REPUBLIKA.CO.ID, JAKARTA -- Direktur Jenderal Mineral dan Batubara, Kementerian ESDM, Bambang Gatot Ariyono memprediksi merebaknya wabah corona akan menggangu perdagangan komoditas nikel dan batu bara. Ia mengungkapkan meskipun saat ini ada kecenderungan kenaikan harga tapi itu diprediksi tidak akan berlangsung lama.
Justru ia khawatir jika wabah ini berlangsung lama maka dampak jangka panjang akan langsung berimbas pada harga dua komodi itu yang akan terus anjlok.
"Yang bisa paling berdampak ya batu bara dan nikel. Harga-harga untuk kontrak short term memang naik tapi kalau long term ini lama-lama akan jatuh. Ini kan udah berlangsung 6 bulan,kalau setahunan bisa habis kita," kata Bambang di Kementerian ESDM, Rabu (11/3).

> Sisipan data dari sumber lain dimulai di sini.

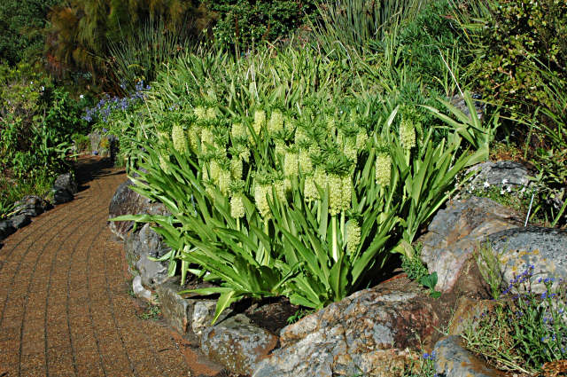 Eucomis is a southern African genus in the Hyacinthaceae family. Plants are commonly known as Pineapple lilies because in many of the species the blooms resemble a pineapple. Most of the species are found in the summer rainfall areas of South Africa, some at higher elevations. Plants from a-f are found on this page.

Dua komoditas itu memang selama ini menjadi andalan karena produksinya salah satu yang terbesar di dunia. Pangsa pasar terbesar batu bara Indonesia ke luar negeri adalah China. Tahun 2020 saja setidaknya batu bara Indonesia akan berkontribusi 40 persen dari seluruh impor batu bara China.
Begitu juga sengan nikel sebelum ada larangan ekspor nikel ore kadar rendah dari pemerintah.
Pada bulan Maret harga batu bara acuan atau HBA sebesar 67,08 dolar AS per ton, naik dari HBA Februari sebesar 66,89 dolar AS per ton.
Sementara untuk nikel penurunan harga sudah mulai terjadi sejak bulan lalu. Di bulan Maret ini harga nikel 12.994,57 dolar AS per dry metric ton (dmt). Turun dari posisi Februari 14.029,72 dolar AS per dmt dari yang juga turun dari posisi Januari 16.107,27 dolar AS per dmt.
Untuk nikel saat ini pemerintah memang hanya mengizinkan ekspor nikel berkadar tinggi atau produk turunannya. Bambang menuturkan wabah corona memang belum menunjukkan adanya gangguan ekspor nikel kadar tinggi atau produk turunannya, tapi jika wabah berlangsung lama maka gangguan jelas bisa terjadi.
”Belum (gangguan), kalau long term bisa jadi karena pabrik berhenti, tapi katanya China mulai bergerak sekarang moga-moga nggak jadi long term," kata Bambang.